▶ _About this task_:
Output all the data exactly. Pictures do not belong in the copy.

▶ _Data_:
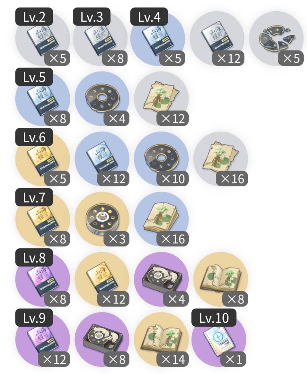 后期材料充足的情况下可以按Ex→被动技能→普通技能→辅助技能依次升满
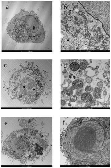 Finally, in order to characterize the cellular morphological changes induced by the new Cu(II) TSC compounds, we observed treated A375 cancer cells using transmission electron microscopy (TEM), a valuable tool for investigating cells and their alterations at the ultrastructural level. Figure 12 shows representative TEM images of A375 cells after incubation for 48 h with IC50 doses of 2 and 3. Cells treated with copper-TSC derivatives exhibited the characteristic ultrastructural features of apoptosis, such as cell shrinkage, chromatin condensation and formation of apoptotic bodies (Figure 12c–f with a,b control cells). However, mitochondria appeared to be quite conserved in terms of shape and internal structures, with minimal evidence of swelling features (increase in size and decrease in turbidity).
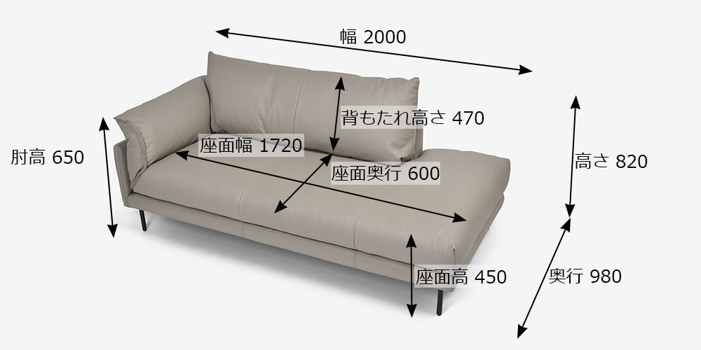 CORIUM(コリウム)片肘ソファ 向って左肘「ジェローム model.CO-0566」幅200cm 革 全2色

▶ _Completed task_:
 后期材料充足的情况下可以按Ex→被动技能→普通技能→辅助技能依次升满
 Finally, in order to characterize the cellular morphological changes induced by the new Cu(II) TSC compounds, we observed treated A375 cancer cells using transmission electron microscopy (TEM), a valuable tool for investigating cells and their alterations at the ultrastructural level. Figure 12 shows representative TEM images of A375 cells after incubation for 48 h with IC50 doses of 2 and 3. Cells treated with copper-TSC derivatives exhibited the characteristic ultrastructural features of apoptosis, such as cell shrinkage, chromatin condensation and formation of apoptotic bodies (Figure 12c–f with a,b control cells). However, mitochondria appeared to be quite conserved in terms of shape and internal structures, with minimal evidence of swelling features (increase in size and decrease in turbidity).
 CORIUM(コリウム)片肘ソファ 向って左肘「ジェローム model.CO-0566」幅200cm 革 全2色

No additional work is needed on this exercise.